= WORK REQUEST =
Give the listing again in full and exactly, apart from its pictures.

= INFORMATION SUPPLIED =
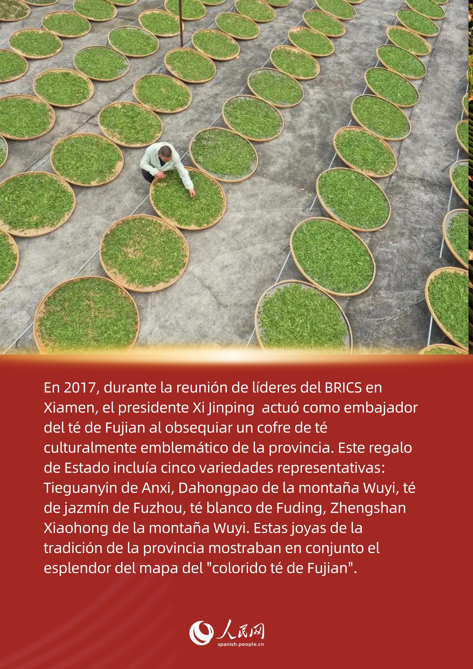 En 2017, durante la reunión de líderes del BRICS en Xiamen, el presidente Xi Jinping actuó como embajador del té de Fujian al obsequiar un cofre de té culturalmente emblemático de la provincia. Este regalo de Estado incluía cinco variedades representativas: Tieguanyin de Anxi, Dahongpao de la monta?a Wuyi, té de jazmín de Fuzhou, té blanco de Fuding, Zhengshan Xiaohong de la monta?a Wuyi. Estas joyas de la tradición de la provincia mostraban en conjunto el esplendor del mapa del "colorido té de Fujian".
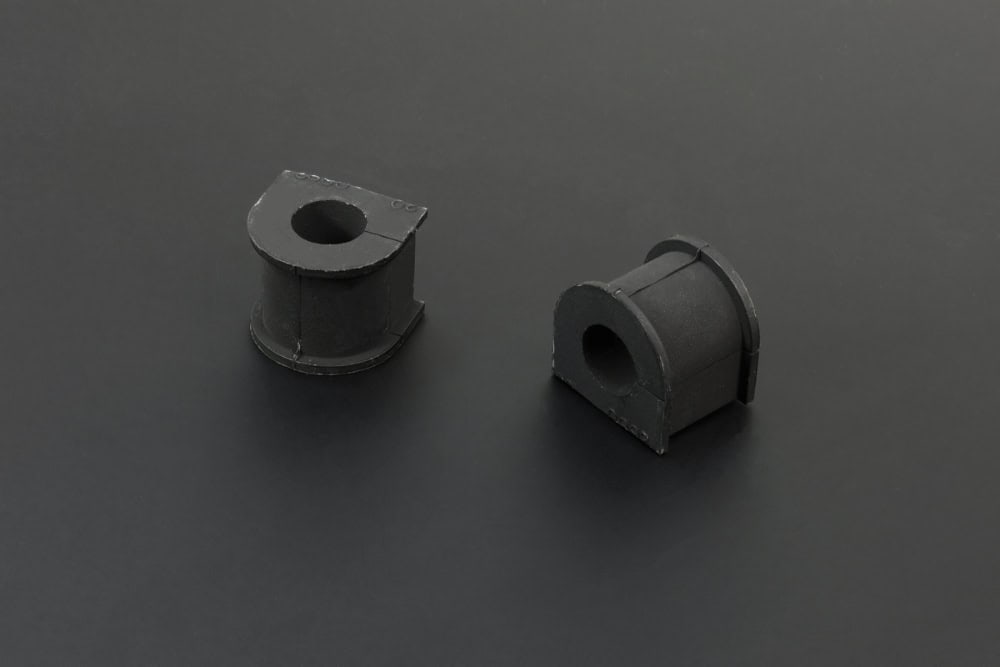 Hardrace reinforced stabilizer bushings are made of exclusive thermoplastic material for increased strength and hardness, oil/alkali/ozone resistant properties and self-lubricated function. Unlike ordinary NBR that tends to break easily or polyurethane that often causes squeaks and harsh rides, these bushings can achieve a perfect balance between the two, offering superior suspension response and durability while maintaining great ride quality.
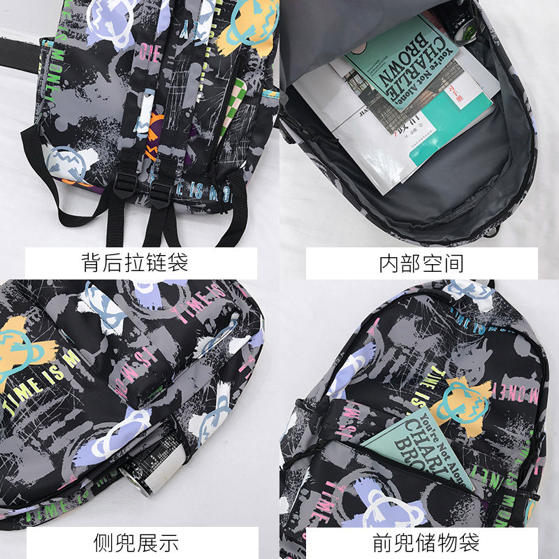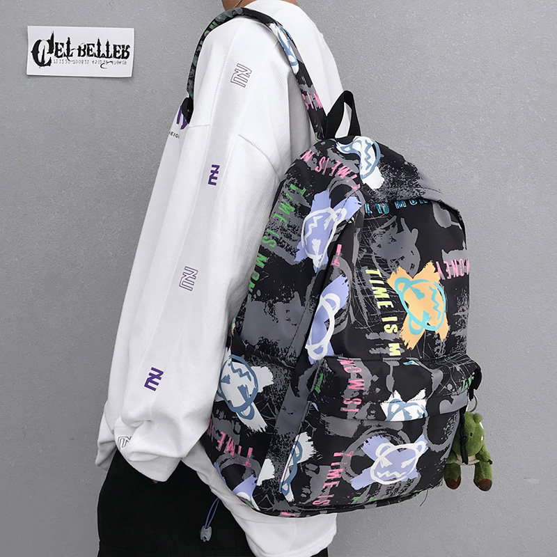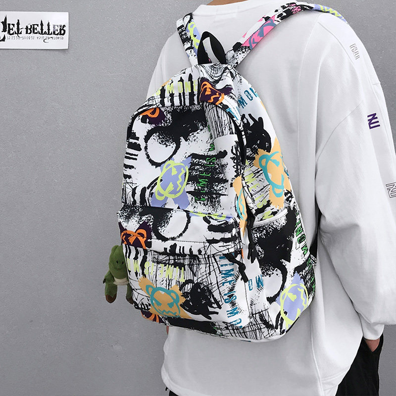 双肩包男士 涂鸦背包男日系高中学生书包男大学生休闲 ins潮酷个性

= SOLVED EXERCISE =
 En 2017, durante la reunión de líderes del BRICS en Xiamen, el presidente Xi Jinping actuó como embajador del té de Fujian al obsequiar un cofre de té culturalmente emblemático de la provincia. Este regalo de Estado incluía cinco variedades representativas: Tieguanyin de Anxi, Dahongpao de la monta?a Wuyi, té de jazmín de Fuzhou, té blanco de Fuding, Zhengshan Xiaohong de la monta?a Wuyi. Estas joyas de la tradición de la provincia mostraban en conjunto el esplendor del mapa del "colorido té de Fujian".
 Hardrace reinforced stabilizer bushings are made of exclusive thermoplastic material for increased strength and hardness, oil/alkali/ozone resistant properties and self-lubricated function. Unlike ordinary NBR that tends to break easily or polyurethane that often causes squeaks and harsh rides, these bushings can achieve a perfect balance between the two, offering superior suspension response and durability while maintaining great ride quality.
 双肩包男士 涂鸦背包男日系高中学生书包男大学生休闲 ins潮酷个性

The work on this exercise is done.